Coaching situation in Switzerland

All athletes of the elite team are encouraged to have a personal coach, who they are free to choose. “We try to have a good cooperation structure“, Bührer explains. “We meet all personal coaches twice or three times a year and discuss together“. The most demanding task, he assumes, is for the trainers of the regional junior team to define reasonable training loads for the youth. “I would feel much more under pressure when having to define training plans for the youth than for “my” athletes”,he says in a smile. Nevertheless, these trainers are payed only a few, which makes the situation insufficiant. “I’m actually surprised by the little theoretical knowledge the runners have when arriving in the elite team“, he regrets. “During junior age they don’t want to work theoretically, as they are still learning at school. It is sometimes an unpleasant situation for me, having to start everything from zero“. This he explains also by the fact that many personal coaches are former runners, wishing to transmit their know-how but not having the time to learn any new knowledge by following some coaching courses.

Strong and sane rivalry

I’m a person who likes to have a well structured approach to some problems“, Thomas Bührerlaughes. “How can we further develops, how can we find solutions… In orienteering, I would say that 80% is training, and 20% is talent. Physically, it is enough to run a 5000m in 15′ to be among the best orienteers: but 15′ on 3000m isn’t a matter of talent, this is a matter of training“.
Bührer tries to have a lot of competition attitude among his runners during the training camps, making sure they have enough competition during some trainings. “For me, it is more important to have a good competition between the athletes than to have any specialization“. During training weeks just before WOC, having some athletes competing on all distances and some only in one, the question was to know how to do a suitable training plan for all of them. They indeed choose to plan it according to Simone Niggli, Daniel Hubmann and Matthias Merz, which lead Fabian Hertner, only involved in the sprint, to train on all distances. “I cannot make a mass start simulation for relay with only 3 runners!“, Bührerlaughes. As a result, Fabian Hertner got ideally prepared to some more difficult controls of the Hungarian sprint, and the other athletes got a higher competition.

Analyzing: one of the biggest strengths of Switzerland?

Even tough the runners are very used to monitor the physical training, it isn’t the case of the technical training“, Bührer notices and takes example of some projects developped by the Swiss team runners.
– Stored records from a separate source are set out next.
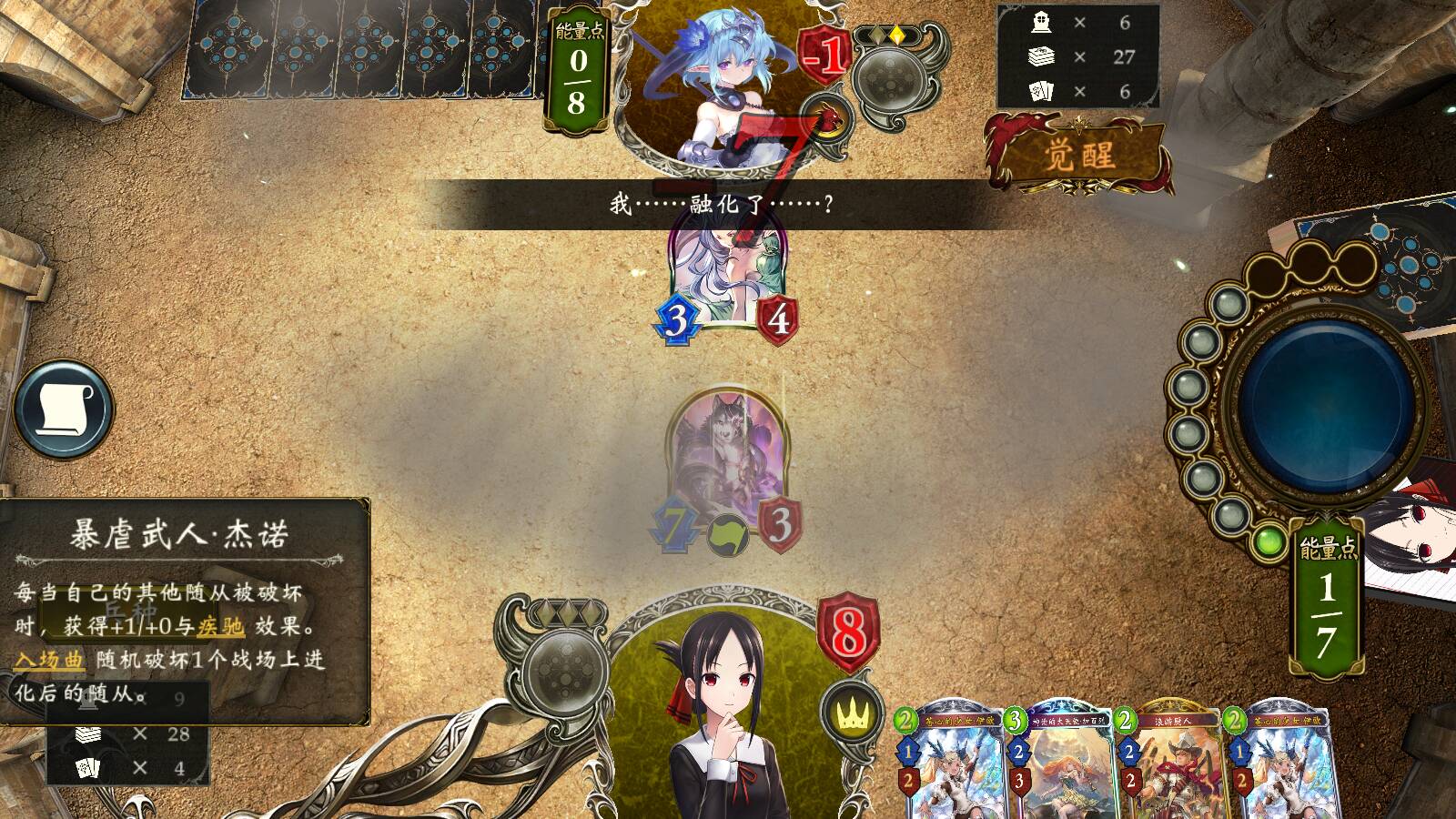 -对法以外的职业时,有冒险者,或先手有蜥蜴的话,留浪游厨人。对死直接留厨人。
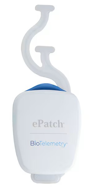 当院で使う機器はPHILIPS社のePatchです。このePatchは長期間胸部に貼り付けることが可能で心電図を連続的に測定します。胸の前面の皮膚に貼り付けるシートとそれに接続する小型の装置で、軽量なので日常生活に支障をきたすことなく使用可能です(水や湯に浸すことは出来ませんがシャワー浴は可能です)。
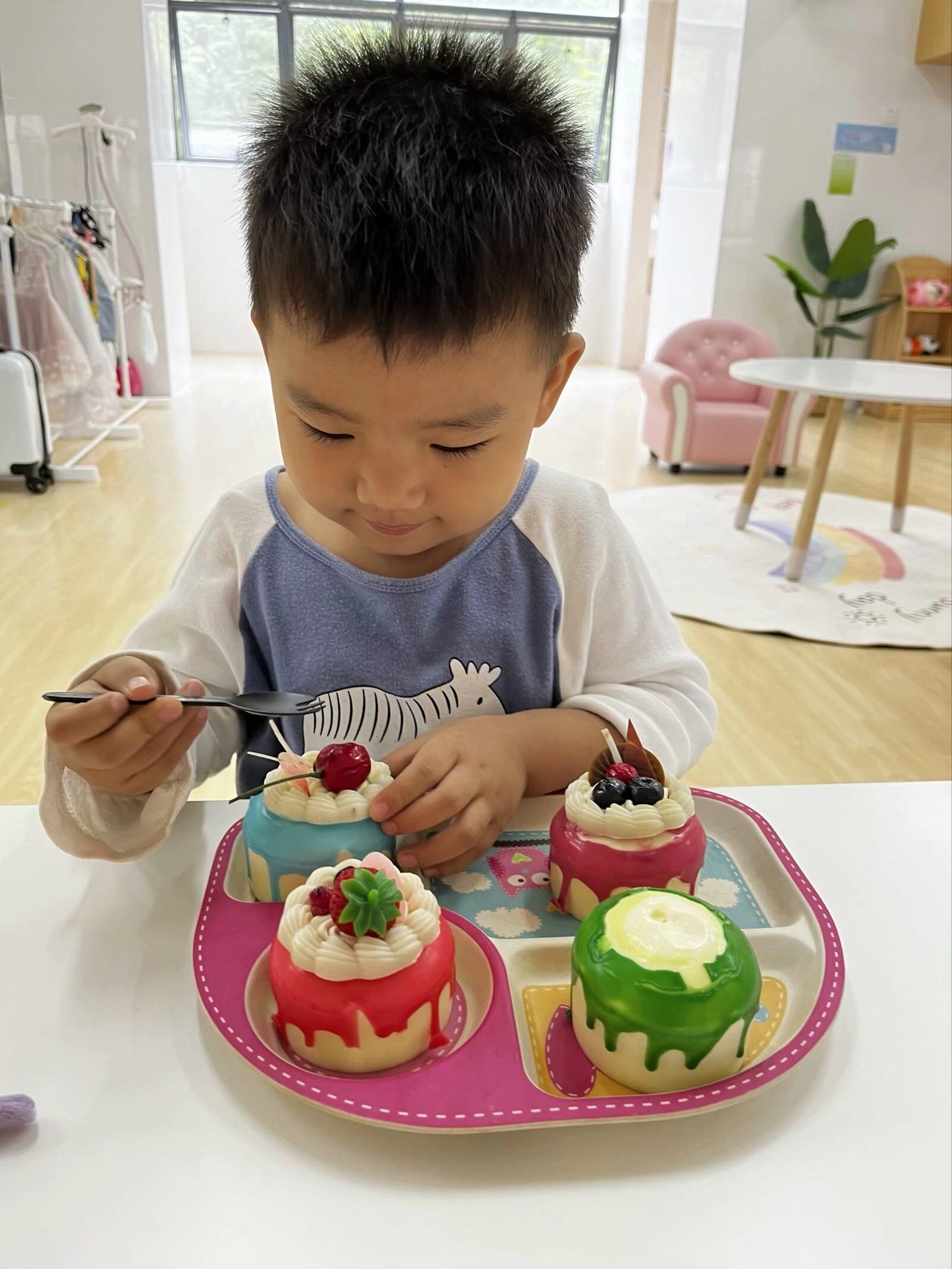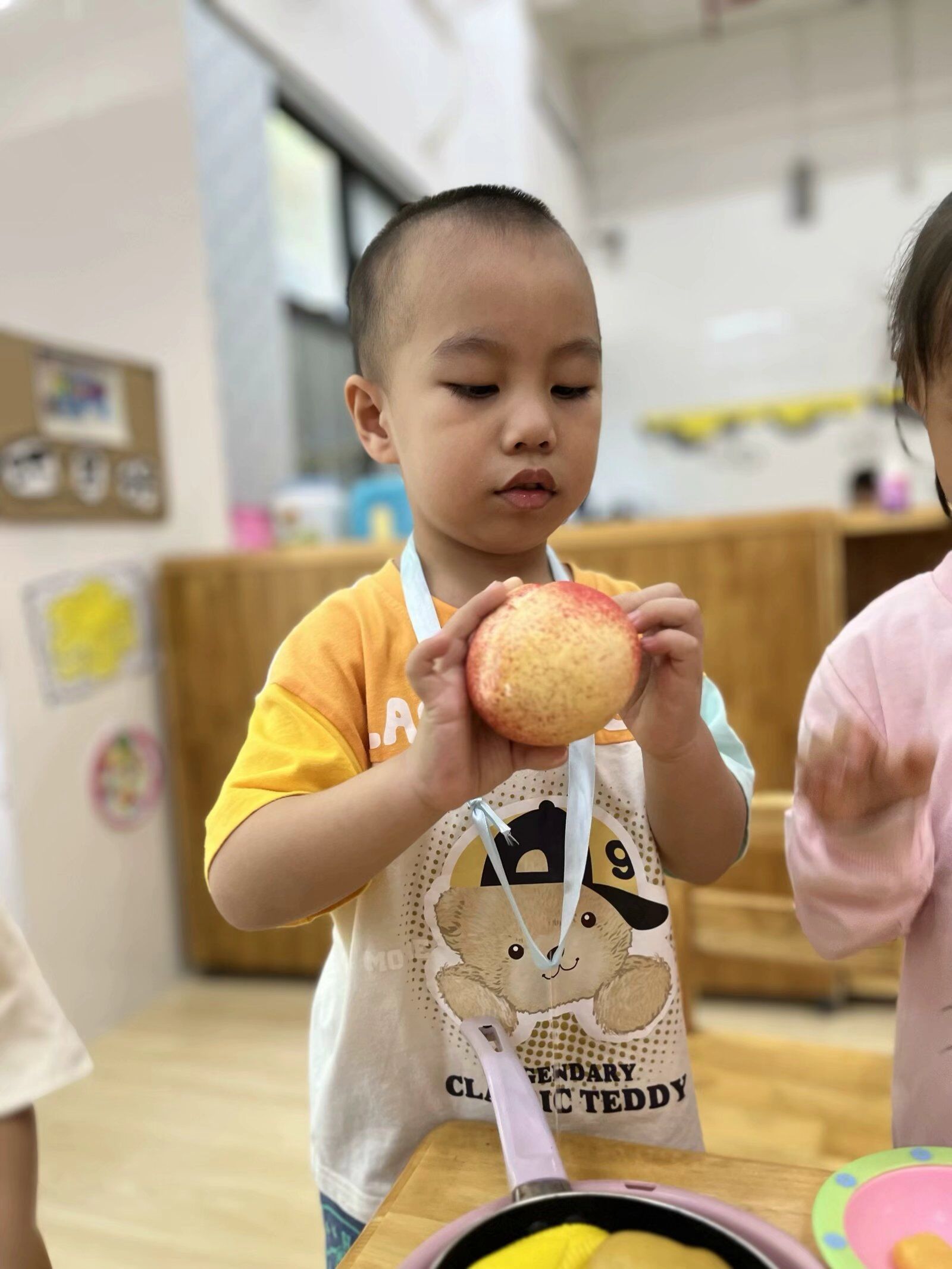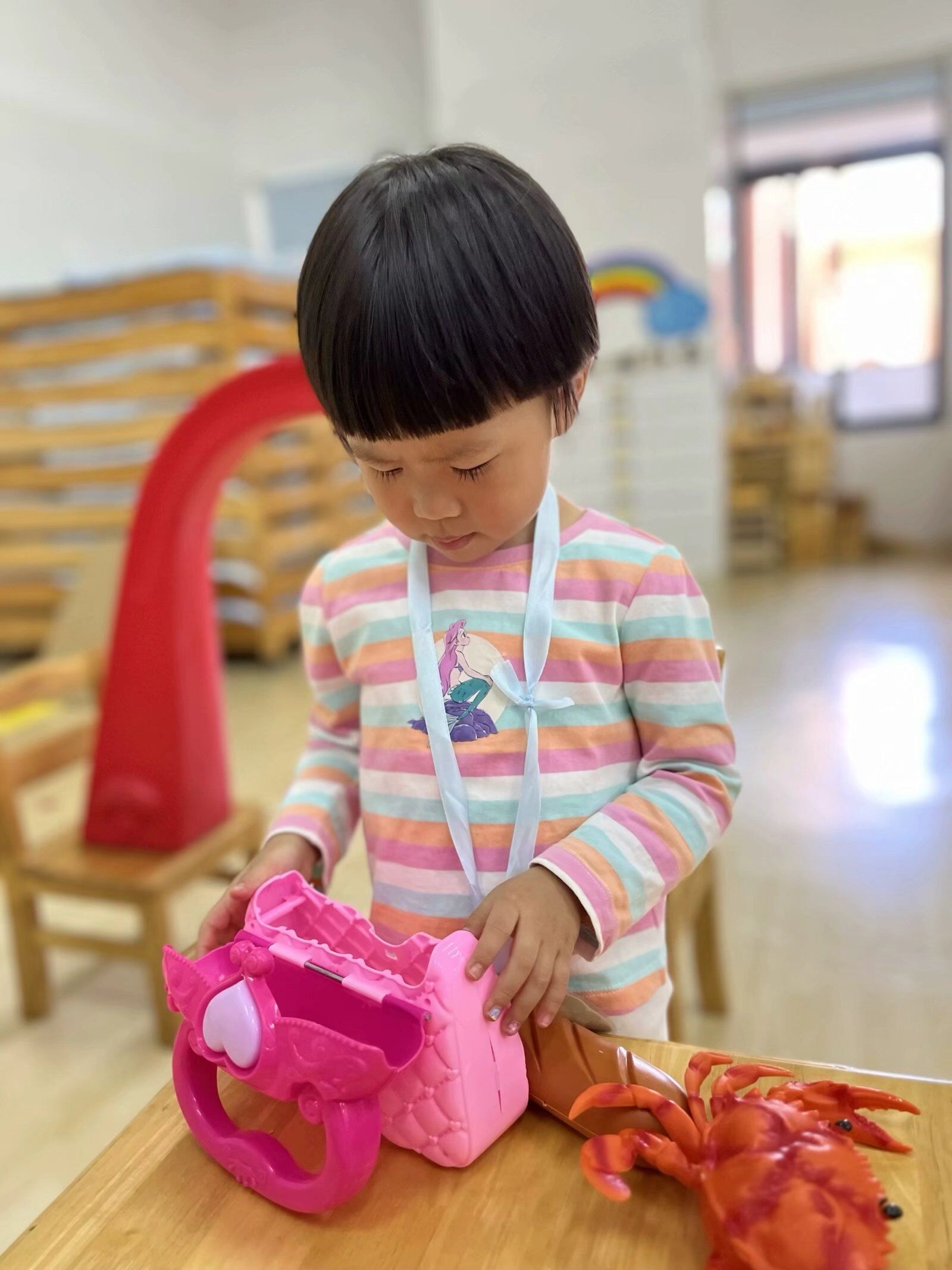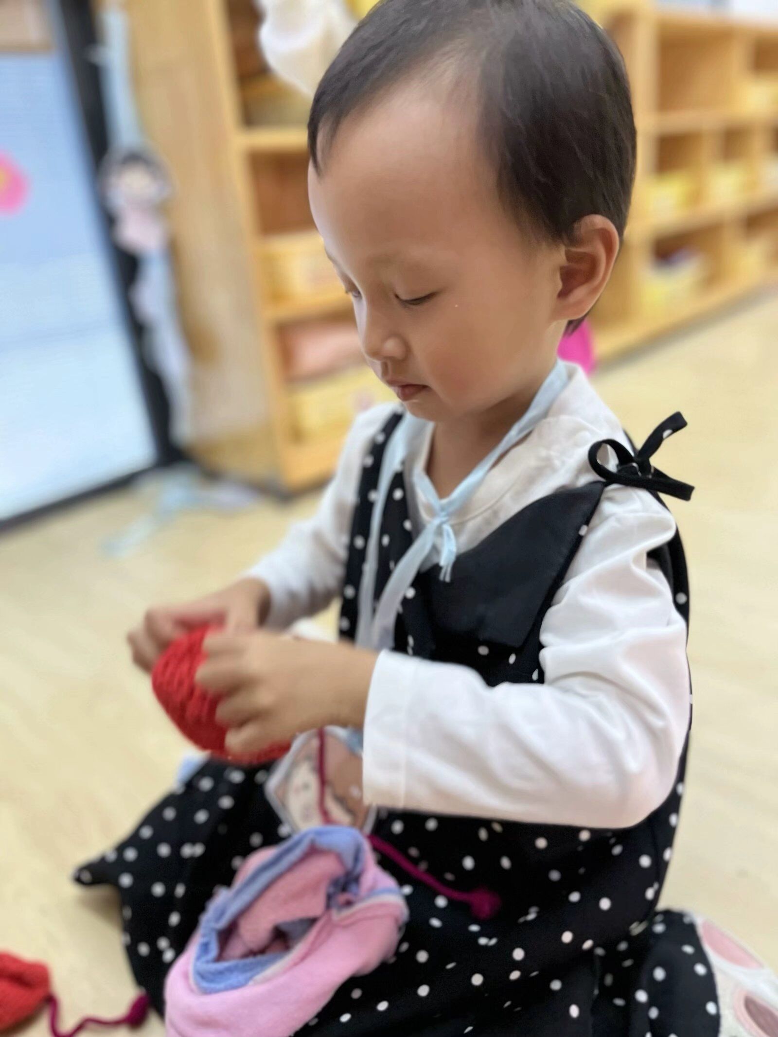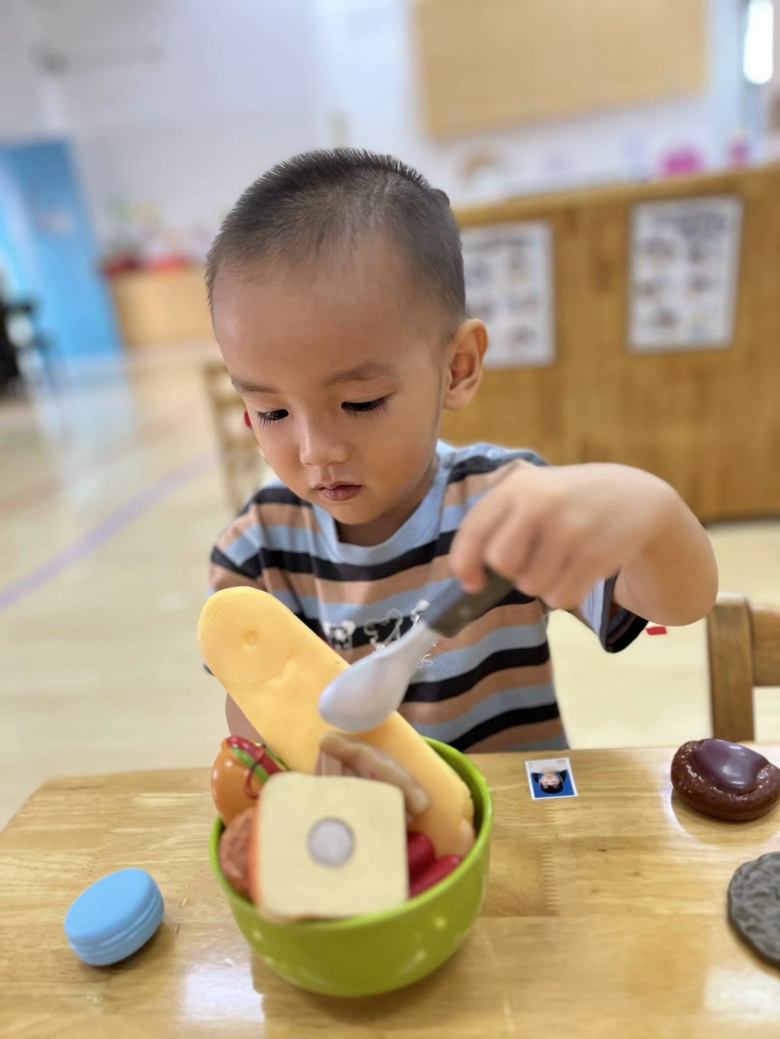 在角色游戏中,孩子们可以自由地发挥其想象力和创造力,因而他们对角色游戏的兴趣最为浓厚,瞧瞧,他们煮饭、喂宝宝来还有模有样的!大家玩得不亦乐乎,角色游戏真好玩~
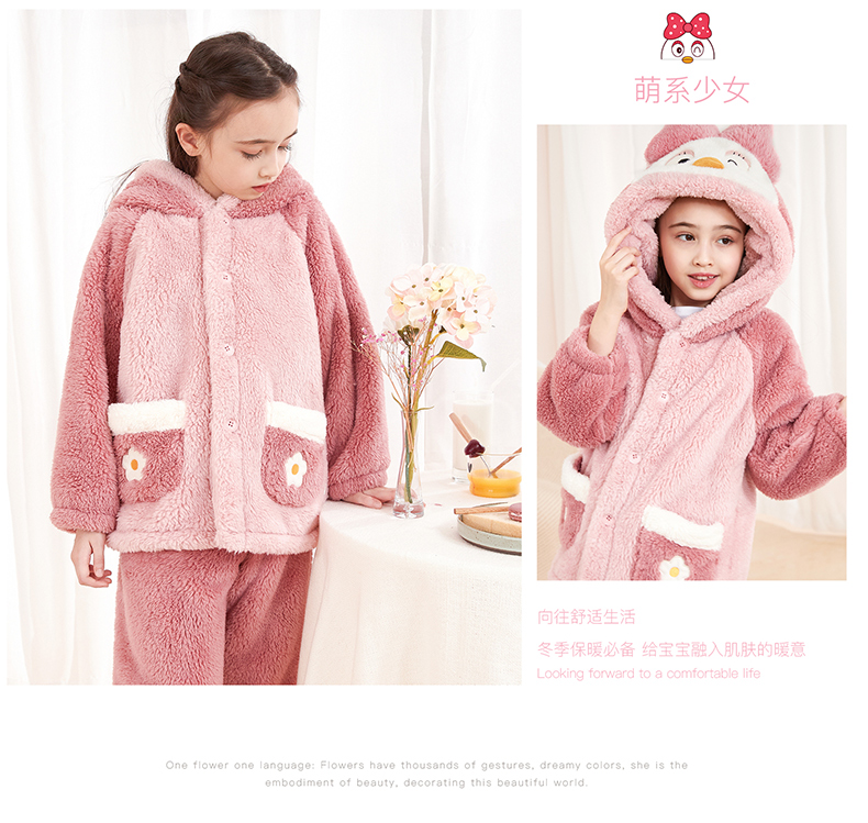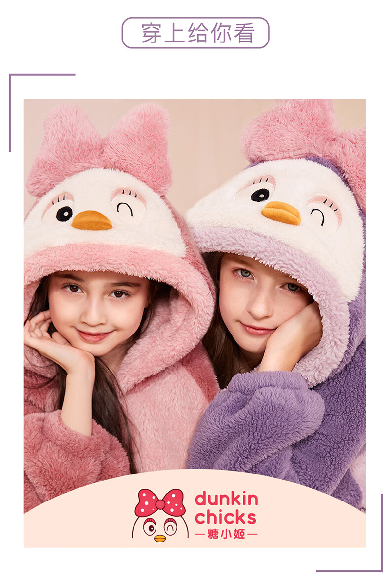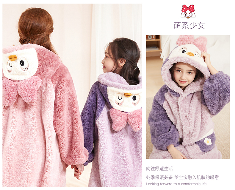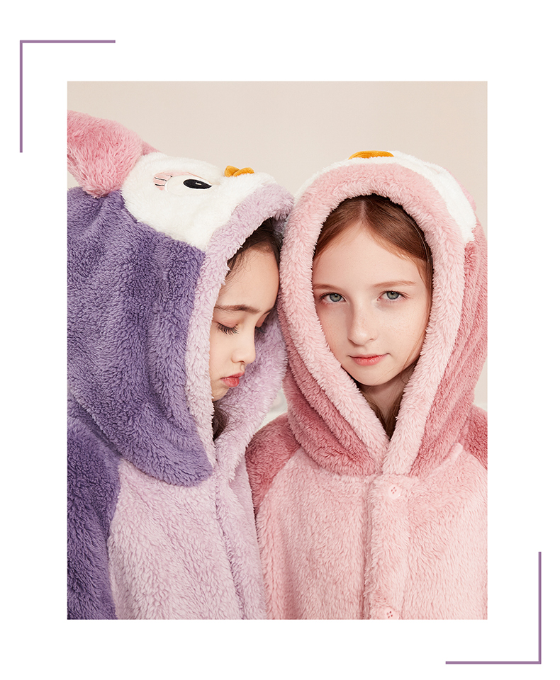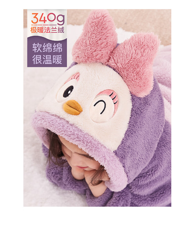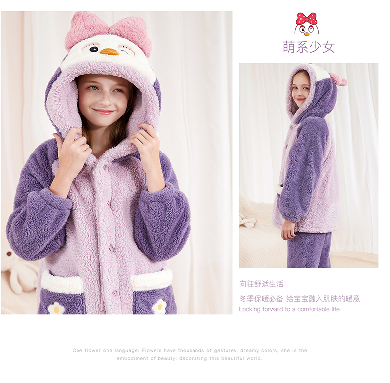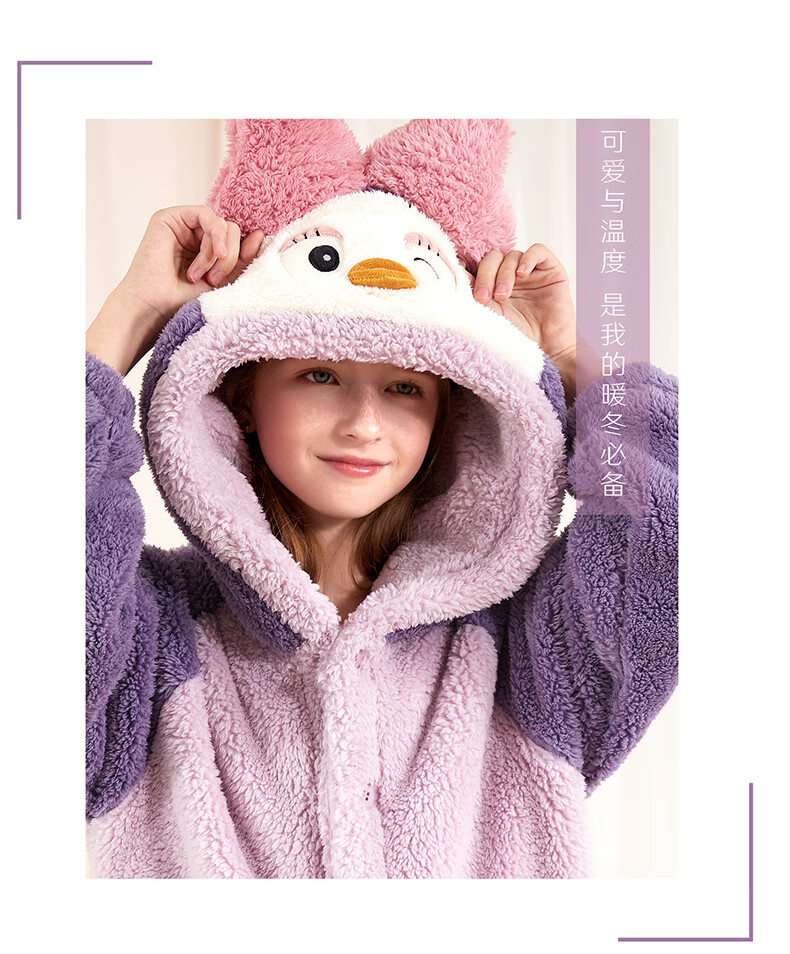 多妙屋儿童睡袍女童睡衣珊瑚绒秋冬加绒法兰绒家居服 99089紫色 160cm

Dominik Koch analyzed his compass direction during a year, taking into account for each control, each training and competition whether the compass use was good, or bad. This allowed him to notice a positive trend with the time, an important aspect for the motivation too. Matthias Merz wanted for example to check if he was running in a prospective way enough, and monitored it in a similar way with table sheets he was filling after each training or race. Take the most of each leg, each training opportunity to improve and “put the focus on the most important issue you want to work on, to keep in efficiency“: one analyzing pole the Swiss team seems to have developped in an important way. “The runners become also much more critical with their training”, Bührer notices.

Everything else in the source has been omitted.